FileContentExtractionError

Error Code: file_content_extraction_failed
Common Cause: Failed to extract text content from uploaded file due to corruption, unsupported format, or processing limitations
Solution: Verify file integrity, check format support, ensure file is not password-protected or corrupted

EmbeddingGenerationError

Error Code: embedding_generation_failed
Common Cause: Failed to generate embeddings for document chunks due to service limits or network issues
Solution: Check embedding service availability, verify content length limits, retry with smaller chunks

ChunkingError

Error Code: chunking_failed
Common Cause: Chunking tool failed to process document content, often due to invalid or malformed text
Solution: Verify chunking tool configuration, check input text format, ensure content is processable

FAQ¶

What file formats are supported for processing?
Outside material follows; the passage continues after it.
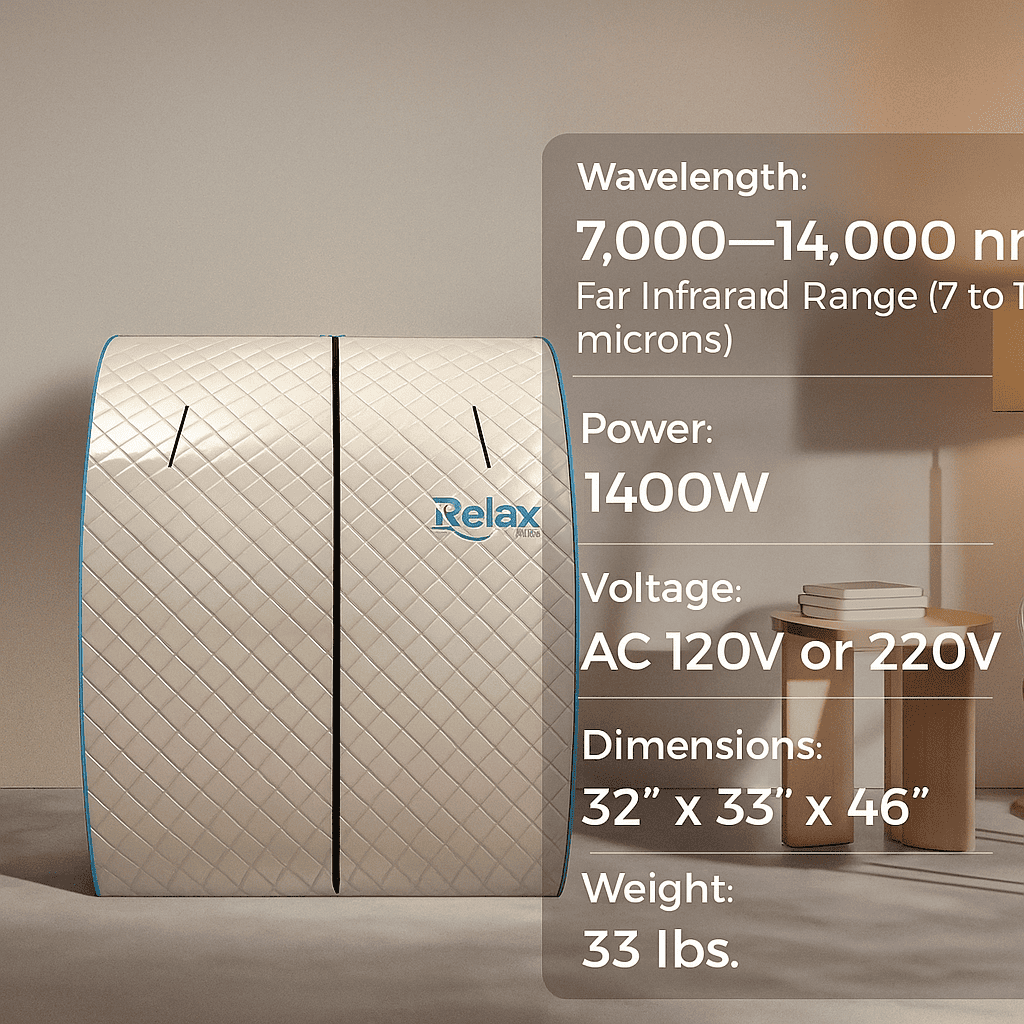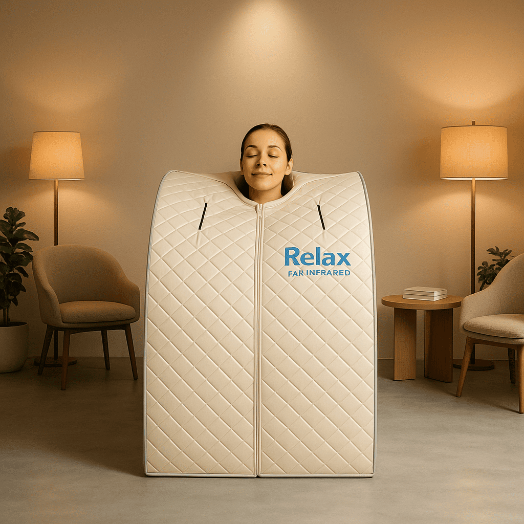 The sauna uses far infrared rays (FIR) in the 4–14 micron range, which penetrate deep into the skin and promote increased blood flow. This helps improve skin tone, boost collagen production, reduce acne, and support natural detoxification by opening up the pores through sweat.

FileStore supports a wide range of formats: PDF, DOCX, PPTX, XLSX (via Document Intelligence when enabled), plus text formats like TXT, CSV, MD, HTML, RTF, and more via Pandoc conversion. Binary formats may require Document Intelligence for optimal text extraction.

How does the vector search work?

Documents are chunked into smaller segments, each chunk is converted to embeddings using the embeddings service, and stored in memory. Search queries are embedded and compared using cosine similarity to find the most relevant chunks, returning the top_k results.

When should I enable Document Intelligence?

Enable Document Intelligence for complex documents (PDF, DOCX, PPTX, XLSX) with formatting, tables, or images. It provides better text extraction and layout preservation compared to basic Pandoc conversion, but may have higher processing costs.

How are duplicate files handled?

FileStore tracks processed files by their ID and skips reprocessing duplicates. The all_files output contains all previously processed files, while files output only includes newly processed files from the current batch.

Can I customize the chunking strategy?

Yes, FileStore uses a configurable ChunkTool that can be customized. You can provide different chunking blocks like SemanticChunk, TokenChunk, or SentenceChunk with specific parameters to control how documents are segmented for embedding and search.